I’ve often found myself counseling them about the true nature of our field. We aren’t engineers, we are craftspeople. Why do we choose to use one approach over another in this specific case? Why are we using this framework instead of the other one that solves a similar issue? Why don’t we use several frameworks to solve the same feature across our codebase, or why do we?

Software engineering isn’t about the correct answer, it’s about the right answer for the circumstances. It’s a judgement call, based on our experience, based on reading between the lines of a requirements doc.

I’ve had engineers who had the impression that, since they already had a degree from a prestigious school, they knew all there was to know about our craft. The paper hanging on the wall meant they didn’t need to keep honing their craft. But, just like the sculptor or painter, each project we work on, each module or method we write, elevates our skill in the craft of software wrangling. Banging our heads because we can’t seem to get the code to work & we are unsure why it’s not working as intended. Each code review, where senior developers share feedback on why something could be a problem or won’t work as expected, is an apprenticeship, where our real learning begins. We learn not from our triumphs, but from our failures and our blind spots that burn us later.
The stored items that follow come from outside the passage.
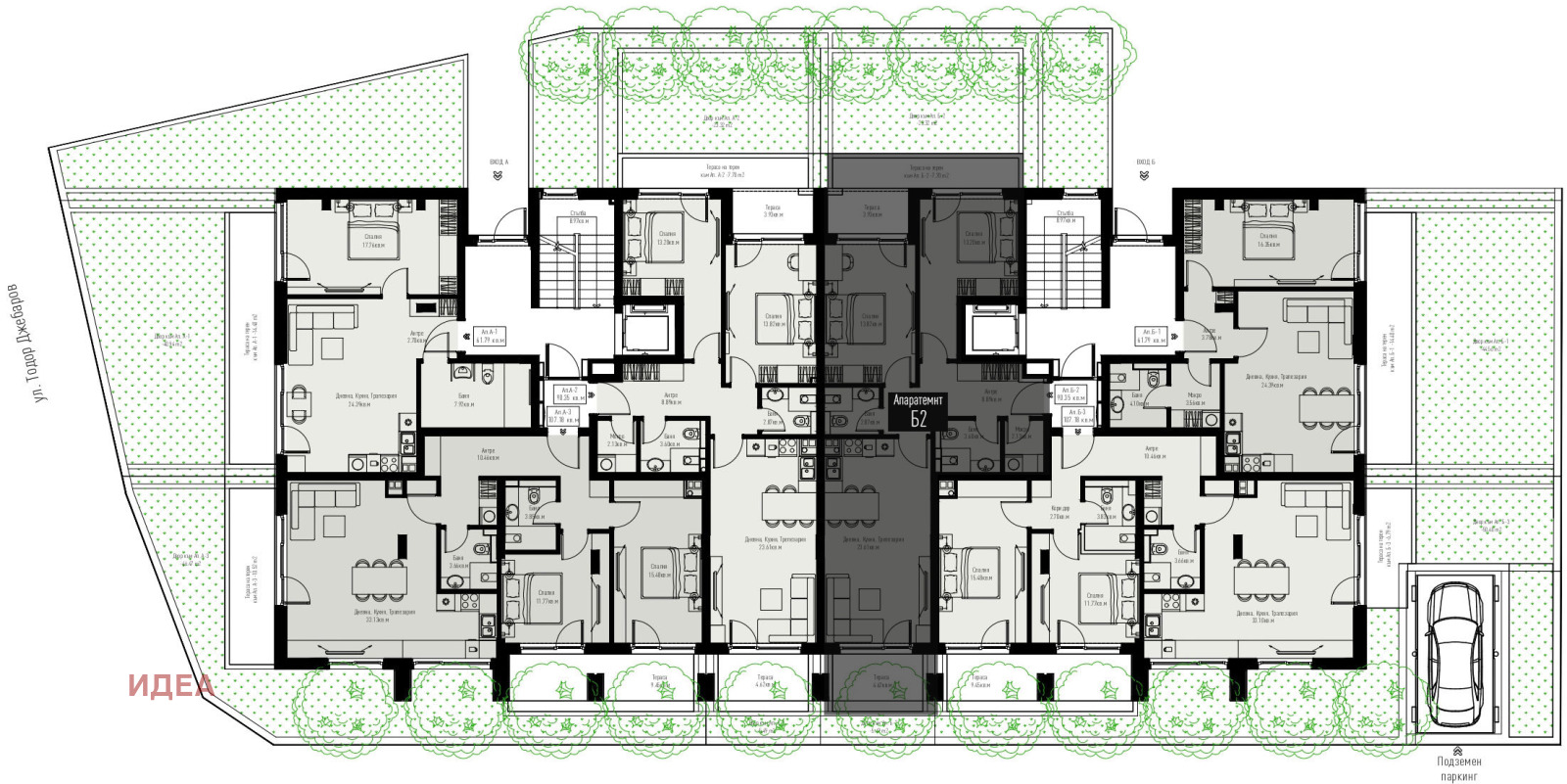 - Подземни гаражи, предлагани отделно.
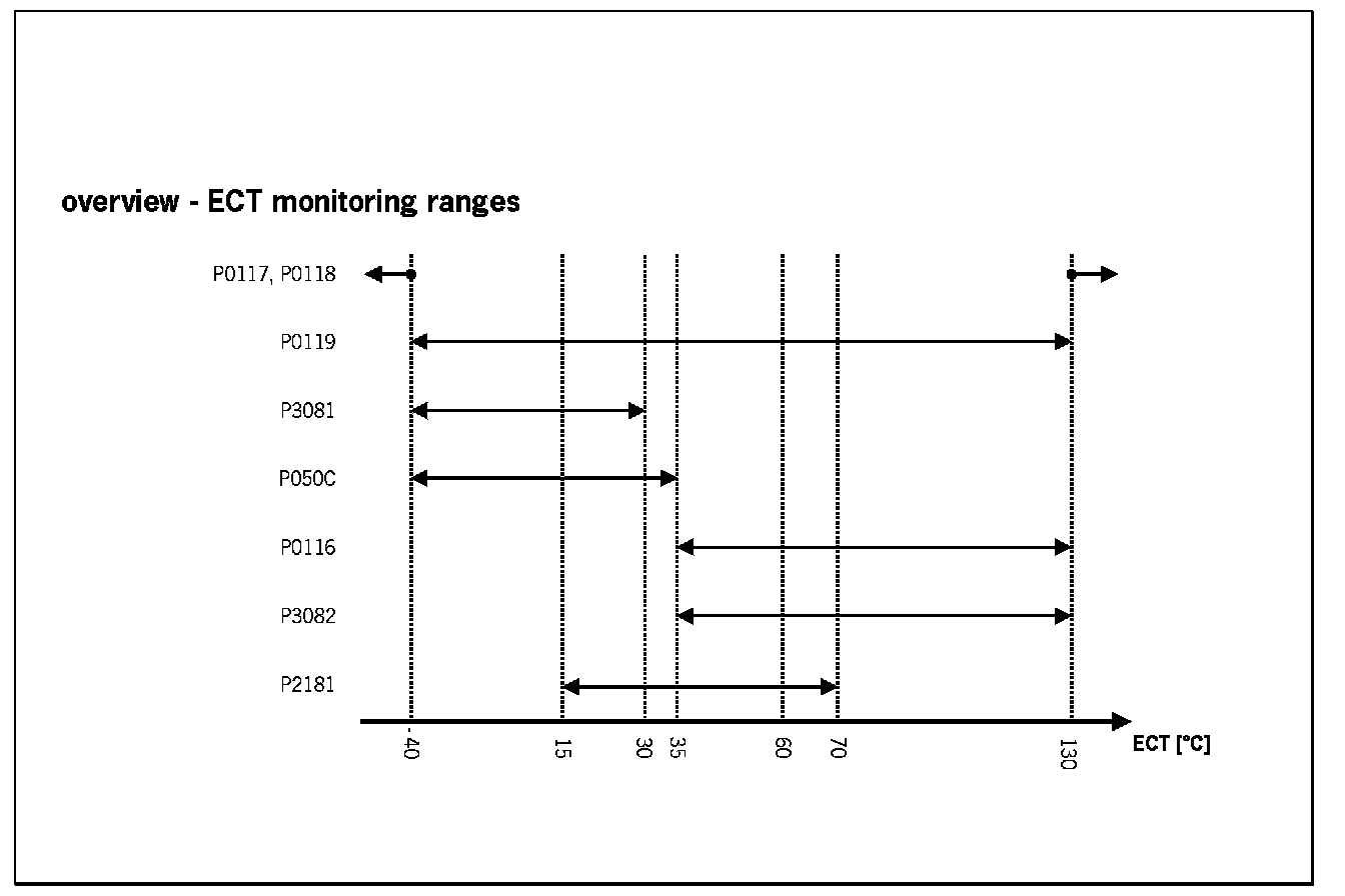 After engine start the system stores continuously the lowest and highest ECT. In case that after several driving conditions the difference between ECT max and ECT min is lower than the threshold the sensor stuck at high values.
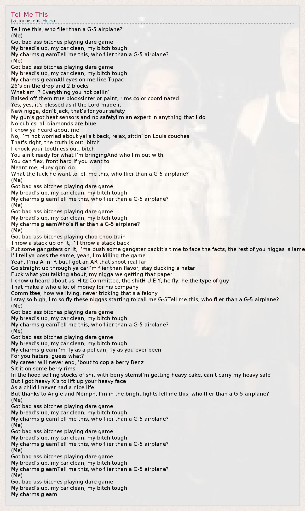 Tell me this, who flier than a G-5 airplane? (Me) Got bad ass bitches playing dare game My bread's up, my car clean, my bitch tough My charms gleamTell me this, who flier than a G-5 airplane? (Me) Got bad ass bitches playing dare game My bread's up, my car clean, my bitch tough My charms gleamAll eyes on me like Tupac 26's on the drop and 2 blocks What am I? Everything you not ballin' Raised off them true blocksInterior paint, rims color coordinated Yes, yes, it's blessed as if the Lord made it Naw nigga, don't jack, that's for your safety My gun's got heat sensors and no safetyI'm an expert in anything that I do No cubics, all diamonds are blue I know ya heard about me No, I'm not worried about yaI sit back, relax, sittin' on Louis couches That's right, the truth is out, bitch I knock your toothless out, bitch You ain't ready for what I'm bringingAnd who I'm out with You can flex, front hard if you want to Meantime, Huey gon' do What the fuck he want toTell me this, who flier than a G-5 airplane? (Me) Got bad ass bitches playing dare game My bread's up, my car clean, my bitch tough My charms gleamTell me this, who flier than a G-5 airplane? (Me) Got bad ass bitches playing dare game My bread's up, my car clean, my bitch tough My charms gleamWho's flier than a G-5 airplane? (Me) Got bad ass bitches playing choo-choo train Throw a stack up on it, I'll throw a stack back Put some gangsters on it, I'ma push some gangster backIt's time to face the facts, the rest of you niggas is lame I'll tell ya boss the same, yeah, I'm killing the game Yeah, I'ma A 'n' R but I got an AR that shoot real far Go straight up through ya carI'm flier than flavor, stay ducking a hater Fuck what you talking about, my nigga we getting that paper I know u heard about us, Hitz Committee, the shitH U E Y, he fly, he the type of guy That make a whole lot of money for his company Committee, how we living, never tricking that's a felony I stay so high, I'm so fly these niggas starting to call me G-5Tell me this, who flier than a G-5 airplane? (Me) Got bad ass bitches playing dare game My bread's up, my car clean, my bitch tough My charms gleamTell me this, who flier than a G-5 airplane? (Me) Got bad ass bitches playing dare game My bread's up, my car clean, my bitch tough My charms gleamI'm fly as a pelican, fly as you ever been For you haters, guess what? My career will never end, 'bout to cop a berry Benz Sit it on some berry rims In the hood selling stocks of shit with berry stemsI'm getting heavy cake, can't carry my heavy safe But I got heavy K's to lift up your heavy face As a child I never had a nice life But thanks to Angie and Memph, I'm in the bright lightsTell me this, who flier than a G-5 airplane? (Me) Got bad ass bitches playing dare game My bread's up, my car clean, my bitch tough My charms gleamTell me this, who flier than a G-5 airplane? (Me) Got bad ass bitches playing dare game My bread's up, my car clean, my bitch tough My charms gleamTell me this, who flier than a G-5 airplane? (Me) Got bad ass bitches playing dare game My bread's up, my car clean, my bitch tough My charms gleamTell me this, who flier than a G-5 airplane? (Me) Got bad ass bitches playing dare game My bread's up, my car clean, my bitch tough My charms gleam
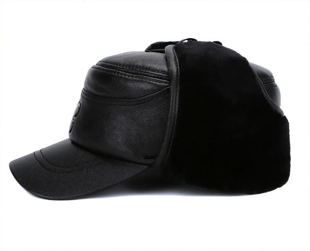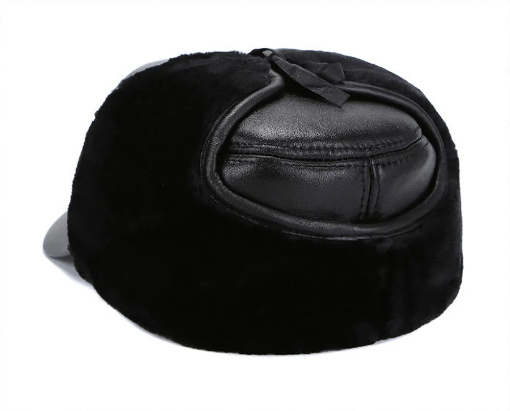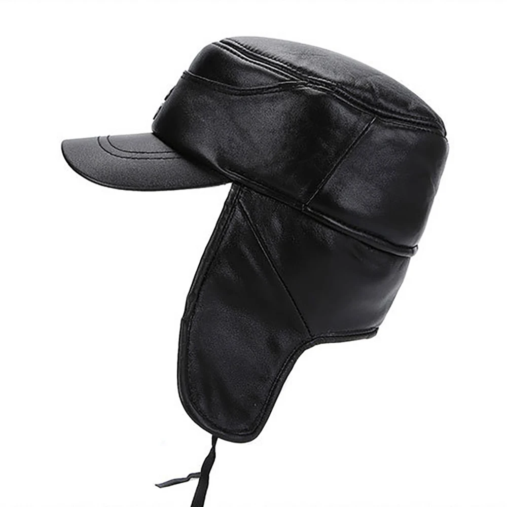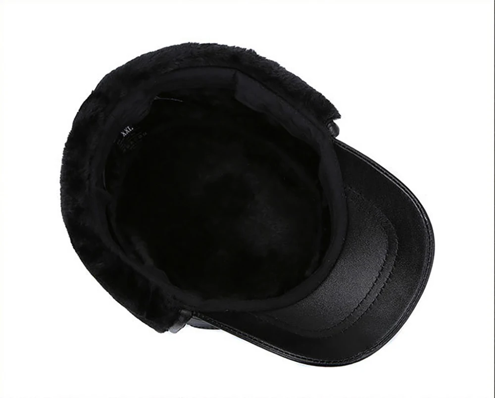 2025 New Style Men Ear Flap Genuine Leather Hat Winter Vintage Baseball Caps Thicken Warmer Flat Hats Fashion Real sheepskin Cap
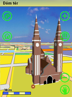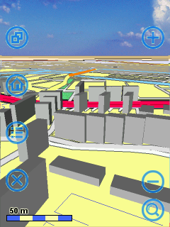 A korábbi hírekben szereplo, domborzatmodellel kombinált látvány ebben a béta kiadásban nem szerepel, a nevezetes épületek 3D modelljei, a lakótelepek tömbjei és a felhos égbolt azonban így is realisztikus környezetet teremtenek navigáció közben. A feliratozás és a zoom-szintek az új, tetszoleges szögre állítható nézetnek megfeleloen szintén módosultak. A jobb oldali kép a magassági adattal is bíró tracklogok 3D-s megjelenítésére mutat példát egy siklóernyos útvonalának ábrázolásával (forrás).
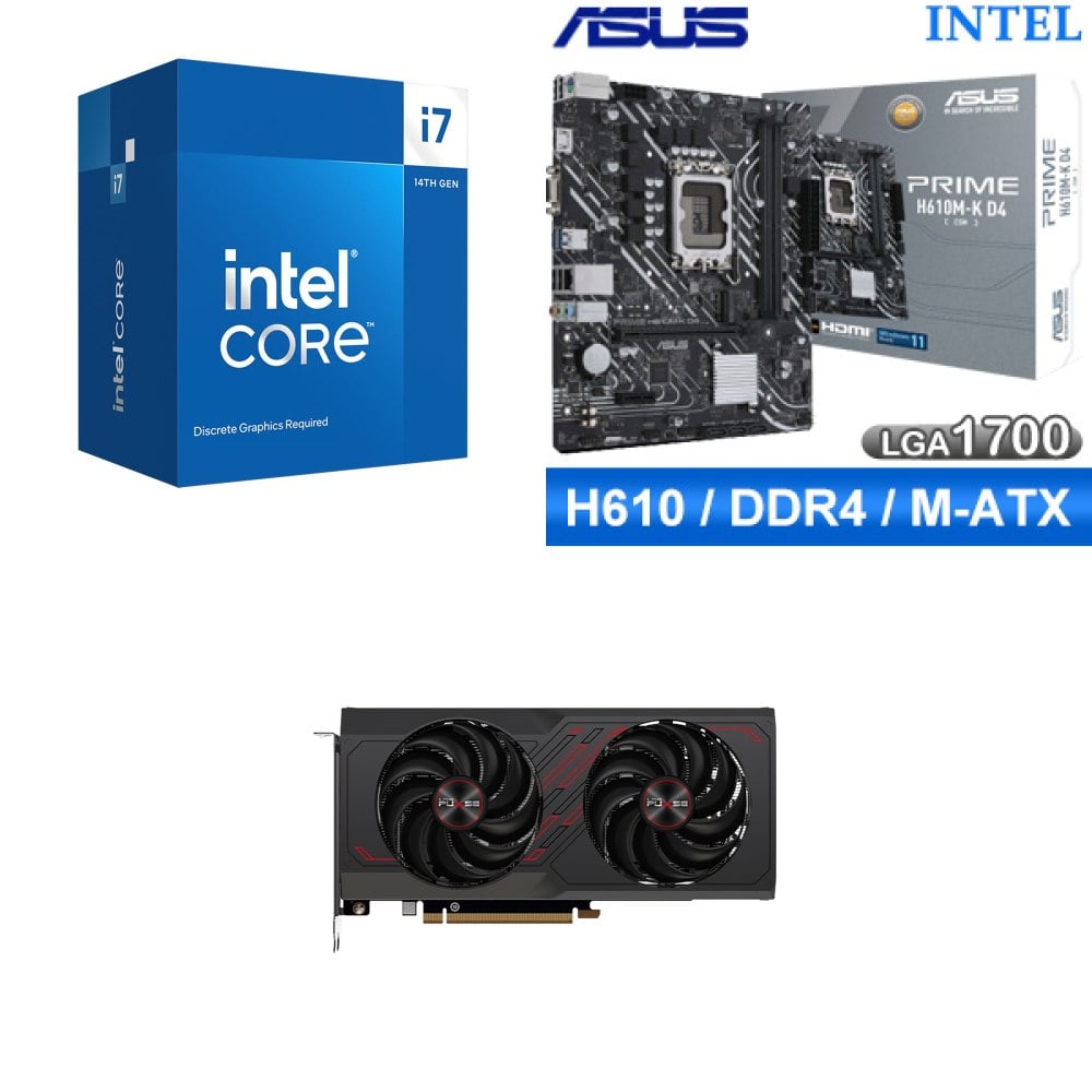 ☆裝機配★ i7-14700+華碩 PRIME H610M-K D4-CSM M-ATX主機板+藍寶石 PULSE 白金版 RX 7650 GRE GAMING 8GB 顯示卡

There isn’t instant gratification of that skill. We don’t press a button and earn the ability to see all these patterns and make decisions based on what we see. It takes practice, with hundreds and thousands of “at-bats”, that guide our comprehension. Where you can get to the point that you can scan through code, and just from the indents forming a shape, you can identify where there may be issues in the code.

Today, everyone is enamored with using AI to help us code. It feels like that “easy button” where it takes over the grunt work of typing. We act more on autopilot, handing the reins off to the machine to understand what we want. But, the AI doesn’t have the same hard-earned craftsmanship that teaches us why we approach the problem in a certain way. AI is very good at examining thousands, or even millions, of examples of working code to produce a reasonable facsimile for your needs. It can produce the what, but since it never learned about the failures, it never learned through all the late nights of no progress, and it has no knowledge of the why.

Don’t give up on the real learning opportunites that coding can provide to you. AI is but a tool and it can even undermine your skills as a software developer. Remember that craft is untouchable.